### WORK REQUIRED
Copy all the entries below exactly, but not the pictures.
-------
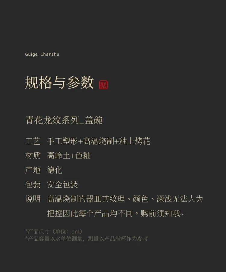 Fair cup -200ml ,Gaiwan-150ml A ,Gaiwan-150ml B ,Teacup-120ml ,Teapot-150ml |
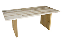 $3179 for 90x36 inch or 7.5 ft Table. This Kyle table has a oval shape tabletop with natural pecan hickory finish and natural maple table legs and can be use as solid wood table with custom dimensions, square table, and more. This size facilitates communication, collaboration, along with connection thoughtfully in open or structured environments. This table tends to quietly support daily tasks without interruption without drawing attention.
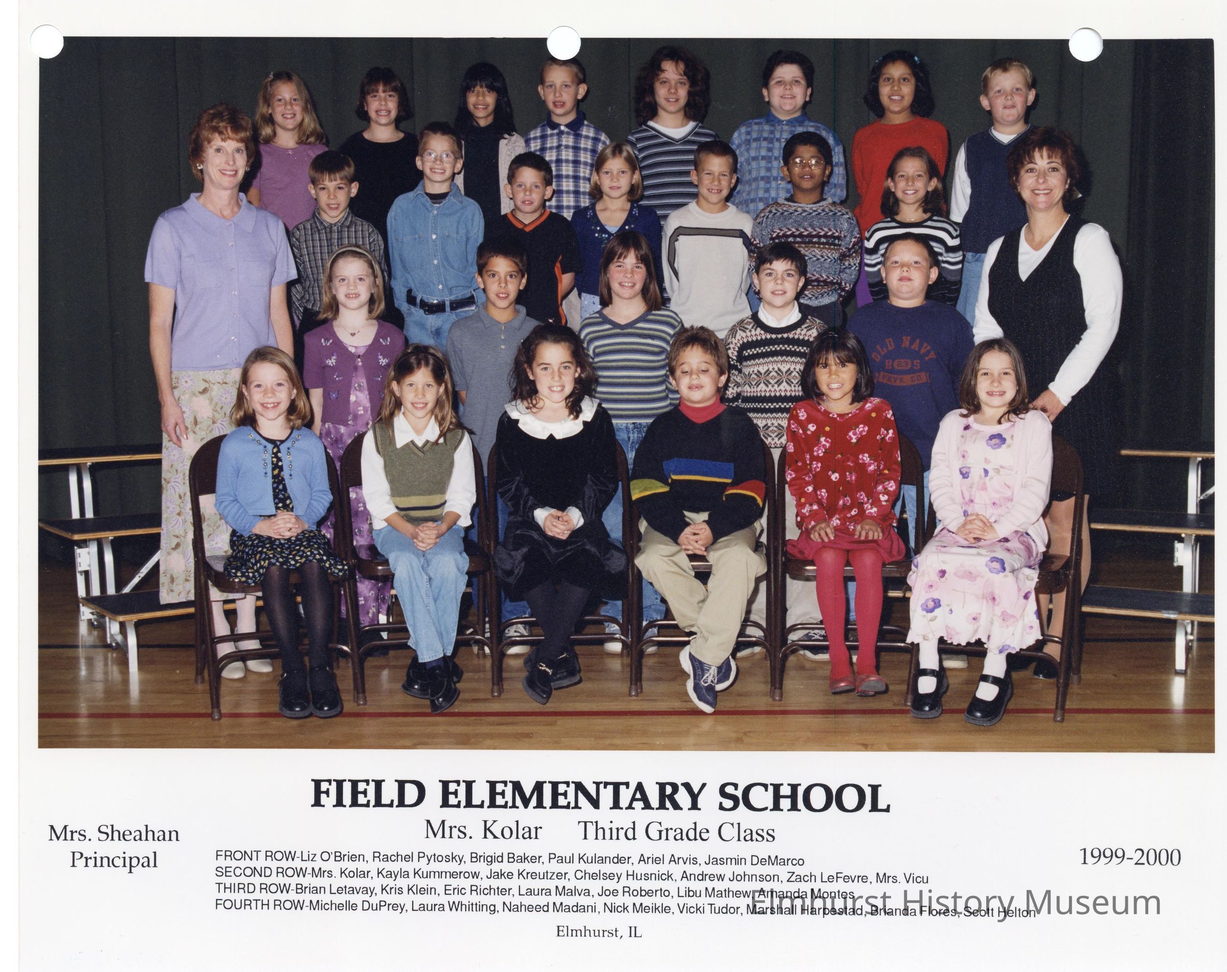 Third grade class photograph from Field Elementary School, under teacher Mrs. Kolar. Student names are listed at the bottom of the photograph.Photograph Details
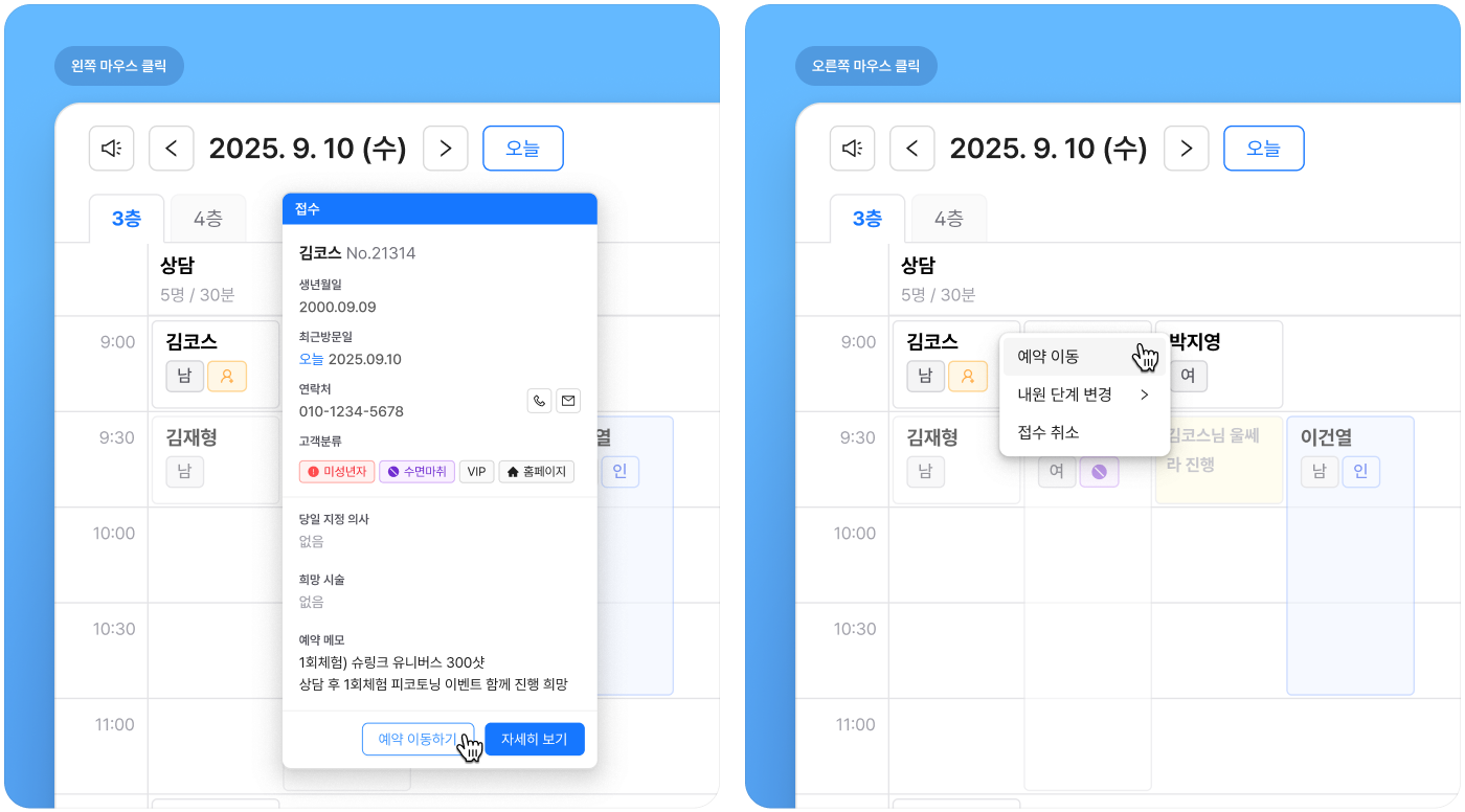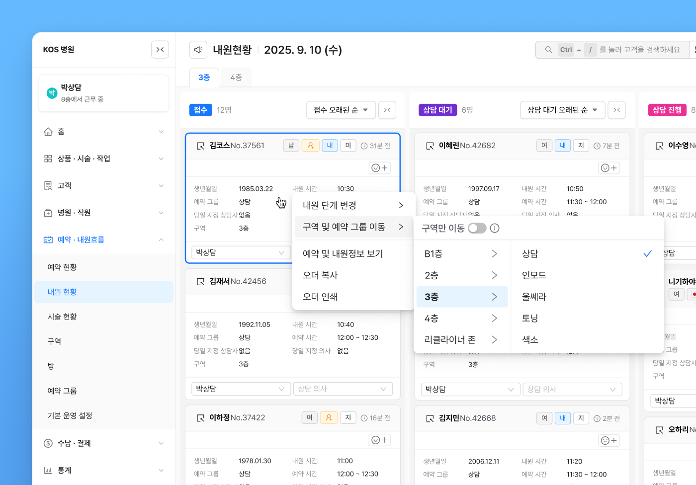 내원 현황과 시술 현황에서 고객차트를 열지 않고, 고객 카드를 우클릭하여 다른 구역과 예약 그룹으로 쉽게 변경할 수 있습니다.
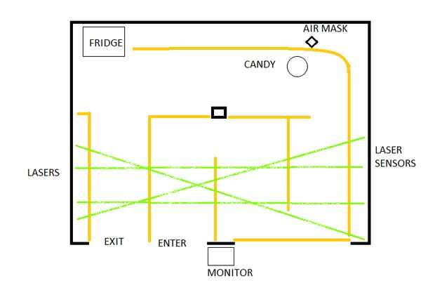 El garaje está trazado para que los huéspedes tendrían que cruzar los rayos láser tantas veces como sea posible. Punteros láser sólo 4 fueron utilizados, pero la temporada tuvo que esquivar rayos láser 16 veces.
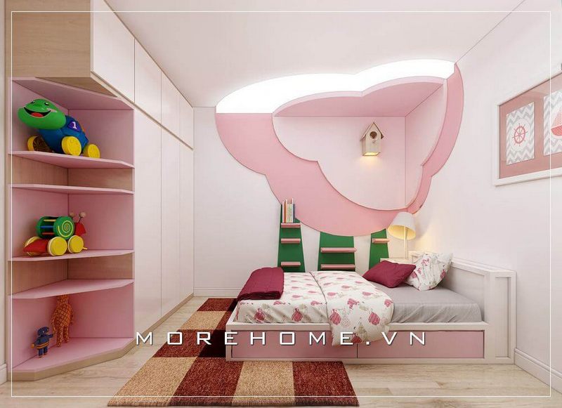 Tủ quần áo gỗ công nghiệp Acrylic màu trắng trẻ trung được thiết kế tận dụng khoảng trống giúp phòng ngủ trẻ em thêm gọn gàng hơn
-------
### SOLUTION FOR THIS EXERCISE
 Fair cup -200ml ,Gaiwan-150ml A ,Gaiwan-150ml B ,Teacup-120ml ,Teapot-150ml |
 $3179 for 90x36 inch or 7.5 ft Table. This Kyle table has a oval shape tabletop with natural pecan hickory finish and natural maple table legs and can be use as solid wood table with custom dimensions, square table, and more. This size facilitates communication, collaboration, along with connection thoughtfully in open or structured environments. This table tends to quietly support daily tasks without interruption without drawing attention.
 Third grade class photograph from Field Elementary School, under teacher Mrs. Kolar. Student names are listed at the bottom of the photograph.Photograph Details
 내원 현황과 시술 현황에서 고객차트를 열지 않고, 고객 카드를 우클릭하여 다른 구역과 예약 그룹으로 쉽게 변경할 수 있습니다.
 El garaje está trazado para que los huéspedes tendrían que cruzar los rayos láser tantas veces como sea posible. Punteros láser sólo 4 fueron utilizados, pero la temporada tuvo que esquivar rayos láser 16 veces.
 Tủ quần áo gỗ công nghiệp Acrylic màu trắng trẻ trung được thiết kế tận dụng khoảng trống giúp phòng ngủ trẻ em thêm gọn gàng hơn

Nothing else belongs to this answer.